Şimdi, ithalat-ihracat olgusu sürekli konu edilirken DİR kapsamında yapılanlar da anlatılıyor. Biz de şuna itiraz ediyoruz: DİR kapsamında ithal edilen ürünü niye bizim üreticimiz üretmiyor, bir. Un ve makarna olarak işlenip yurt dışına gidenin ham maddesini bizim üreticimiz, biz üretsek, yurt dışından almasak... Çünkü Türkiye'nin iklim dokusunun, çiftçisinin, üreticisinin bu konuda yeterliliği olduğunu belirtiyoruz. Bir de Toprak Mahsulleri alım yaparken gidip ayağına ürün almıyor, sen oraya götürürsen ürün alıyor; ödemede problemler çıkıyor, süre uzuyor. Öyle olunca tüccar gidip oradan alım yaptığında avantajlı olarak o öne geçiyor, tüccar daha düşük fiyat veriyor.
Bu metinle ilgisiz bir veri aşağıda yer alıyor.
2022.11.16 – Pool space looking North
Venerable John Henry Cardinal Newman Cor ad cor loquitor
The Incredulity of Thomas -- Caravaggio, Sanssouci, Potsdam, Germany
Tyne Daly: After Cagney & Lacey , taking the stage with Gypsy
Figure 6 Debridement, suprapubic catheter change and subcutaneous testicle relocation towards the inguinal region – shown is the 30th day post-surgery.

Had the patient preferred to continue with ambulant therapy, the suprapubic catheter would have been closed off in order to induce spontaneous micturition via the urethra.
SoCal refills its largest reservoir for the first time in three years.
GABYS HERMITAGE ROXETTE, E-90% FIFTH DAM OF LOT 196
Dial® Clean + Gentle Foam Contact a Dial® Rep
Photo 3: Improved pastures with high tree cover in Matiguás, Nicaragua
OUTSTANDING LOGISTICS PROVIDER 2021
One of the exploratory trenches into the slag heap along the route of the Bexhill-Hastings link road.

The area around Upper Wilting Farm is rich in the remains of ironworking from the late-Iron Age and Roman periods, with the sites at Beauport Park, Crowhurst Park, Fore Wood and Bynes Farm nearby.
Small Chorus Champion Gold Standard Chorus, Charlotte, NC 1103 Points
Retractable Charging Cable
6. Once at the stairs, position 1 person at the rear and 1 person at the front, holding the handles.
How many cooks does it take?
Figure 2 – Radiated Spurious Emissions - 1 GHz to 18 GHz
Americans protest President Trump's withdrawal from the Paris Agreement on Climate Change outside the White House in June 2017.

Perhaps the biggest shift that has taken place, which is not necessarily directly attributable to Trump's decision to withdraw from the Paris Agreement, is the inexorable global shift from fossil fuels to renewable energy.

Artık Türkiye, içinde bulunduğu iklim krizi de dikkate alınarak yeniden taban fiyat ve gerçekçi desteklemelere de dönmek zorunda; aksi takdirde, gıdada arz sorunumuz ortaya çıkar. Bugün paramız var, gidip alıyoruz dersiniz, yarın o ürünü de bulamazsınız. Bu bağlamda Toprak Mahsulleri Ofisine önemli görev düştüğünü varsayıyorum.

Ayrıca, bazı ürünleri alıp yurt dışına satımıyla ilgili de çalışmalar yürütülüyor. Biliyorsunuz, incir, 2024 yılı sonunda en çok iade gelen ürünlerden biri aflatoksinden dolayı. Biraz evvel ben keyifle yedim Sayın Genel Müdür, herhâlde bunlar da TMO'nun ama bayatlamış, bunları da ayrıca kontrol ettirmek lazım.

TOPRAK MAHSULLERİ OFİSİ GENEL MÜDÜRÜ AHMET GÜLDAL - Taze Sayın Vekilim.

ÖMER FETHİ GÜRER (Niğde) - Tadı damakta öyle gelmiyor.

Onun için, bu yurt dışı ürünlerindeki iadelerle ilgili de bu konuda burada bir bilgiye rastlamadım.

Söylemek istediğim şu: TMO önemlidir, değerlidir, kıymetlidir ama içeriği boşaltılmış bir TMO'nun ne çiftçiye ne ülkeye faydası olmaz. Kurumda çok değerli arkadaşlar çalışıyor, onlara itirazımız yok. Yalnız, politikayı TMO'nun belirlediği düşüncesinde değilim çünkü maliyetin altında bir taban fiyatı veya alım fiyatı -taban fiyatı kalktığı için- olacağını ben var saymıyorum. Önümüzdeki süreçte çiftçimizi koruyan bir anlayışı TMO'nun sahiplenmesini diliyorum ama bildiğiniz gibi sistem olarak bir tek kişinin yetkili olduğu bir sistemdeyiz, sizin de bu konuda eliniz kolunuz bağlı. Hazine ve Maliye Bakanı Mehmet Şimşek olduğu sürece sıkı para politikası gereği "Enflasyonu düşüreceğim." diye çiftçiye verilmesi gereken desteğin de çiftçiye verilmesi gereken alım fiyatının da uygulamaya girmeyeceğini düşünüyorum. Bu bağlamda, aşağıda konuşmam olduğu için size başarı diliyor, aranızdan ayrılıyorum.